I am currently undertaking a class on Classical Electrodynamics, and I am realising my multivariable calculus skills are slightly rusty, as it has been a few years.
Anyhow, I am given a surface $$S\{(x,y,z)\in\mathbb{R}^3|z=1-x^2-y^2, z>0\}$$ and a vector field $$\textbf{F}(x,y,z)=(z,x,y)$$ Which I am then tasked to sketch the surface (which is fair enough, it is obviously a paraboloid with a global maximum at $z=1$)

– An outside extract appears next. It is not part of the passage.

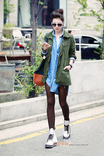 时尚点评:蓝色的长款衬衫当one-piece穿,黑色的丝袜增加层次感,也让整个偏中性的搭配变得女人味起来哦。军绿色的外套剪裁宽松,搭配宽松的衬衫正好看,一双白色的运动鞋非常帅气,是今年秋冬的大热款!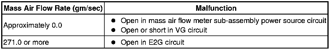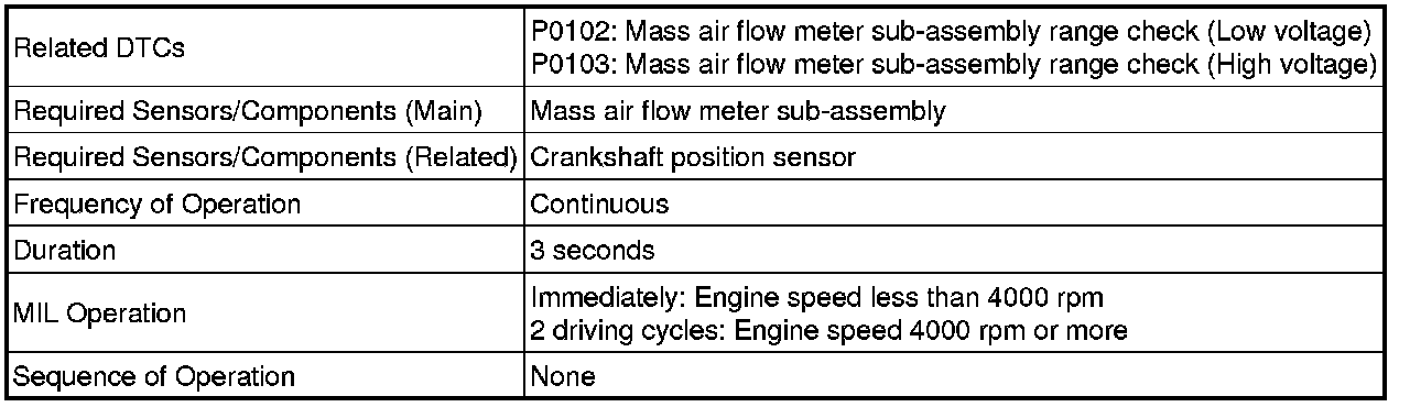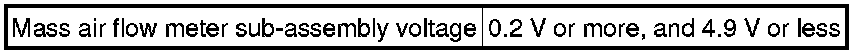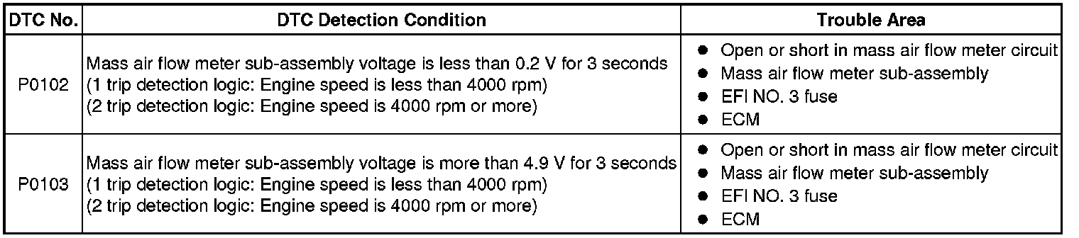 If there is a defect in the mass air flow meter sub-assembly or an open or short circuit, the voltage level deviates from the normal operating range. The ECM interprets this deviation as a malfunction in the mass air flow meter sub-assembly and sets a DTC.

I am then to verify Stokes' theorem by computing both the right and left-hand sides of it manually, and compare, i.e. to compute and compare $$\oint_{\partial C}\textbf{F}\cdot \textrm{d}\textrm{S} \ \ \ \ \textrm{and} \ \ \ \ \iint_{C}(\nabla \times \textbf{F})\cdot \textrm{d}\textbf{S}$$ where $\partial C$ is the boundary of $C$
So anyway, I go about my business and parameterize the curve $$\textbf{r}(\theta)=(\cos(\theta),\sin(\theta),0), \ \ \ 0\leq\theta\leq2\pi$$ as it is the circle $x^2+y^2=1$ projected down into the $xy$-plane. By extension we then have $$\int_{\partial C}\textbf{F}(\textbf{r}(\theta))\cdot\textbf{r}'(\theta)=\int_{0}^{2\pi}\cos^2(\theta)=\pi $$
Now when I go to compute the right hand side I start by parameterizing the surface as
$$\textbf{A}(r,\theta)=(r\cos(\theta),r\sin(\theta),1-r^2), \ \ \ 0\leq \theta\leq2\pi, \ \ \ 0\leq r\leq 1$$
To compute the integral I need my $\textrm{d}\textbf{S}$, which I compute by utilizing the fundamental vector product, i.e. $$\textrm{d}\textbf{S}=\frac{\partial\textbf{A}}{\partial{r}}\times \frac{\partial \textbf{A}}{\partial\theta }=(2r^2\cos\theta,2r^2\sin\theta,r)$$ Using Curl in Cylindrical coordinates we find $$\nabla \times \textbf{F}=\nabla\times(z,x,y)=\nabla\times(z=1-r^2,r\cos\theta,r\sin\theta)=(\cos(\theta),-\sin(\theta),2\cos(\theta))$$
Edit: For some further clarification on the curl I used that
$$\nabla \times \textbf{F}=\hat{\textbf{r}}\left(\frac{1}{r}\partial_\theta F_z-\partial_zF_\theta\right)+\hat{\theta}\left(\partial_zF_r-\partial_rF_z\right)+\hat{\textbf{z}}\left(\frac{1}{r}\partial_r rF_\theta-\frac{1}{r}\partial_\theta F_r\right)$$
I first tried it with a parameterized $z=1-r^2$ which yielded the above answer, then I tried it with $z$ for the heck of it and it's identical with the only difference being the $\phi$-component being $1-\sin(\theta)$
When the first try is dotted with $\textrm{d}\textbf{S}$ it gives $$(\nabla\times\textbf{F})\cdot \textrm{d}\textbf{S}=2r^2\cos(2\theta)+2r\cos(\theta)$$
When the second try is dotted with $\textrm{d}\textbf{S}$ it gives $$-2r^2\sin^2(\theta)-2r\sin(\theta)+2r^2\cos^2(\theta)+2r\cos(\theta)=2r^2\cos(2\theta)+2r(\cos\theta-\sin\theta)$$
But when I integrate that entire shebang (well both of them) over $0$ to 2$\pi$ and $0$ to $1$ (I now realised $rdrd\theta$ was baked into dS ) it spits out zero which is not equal to one, so I am at a loss of where it is I am failing. If someone could help a poor soul out, that would be nice.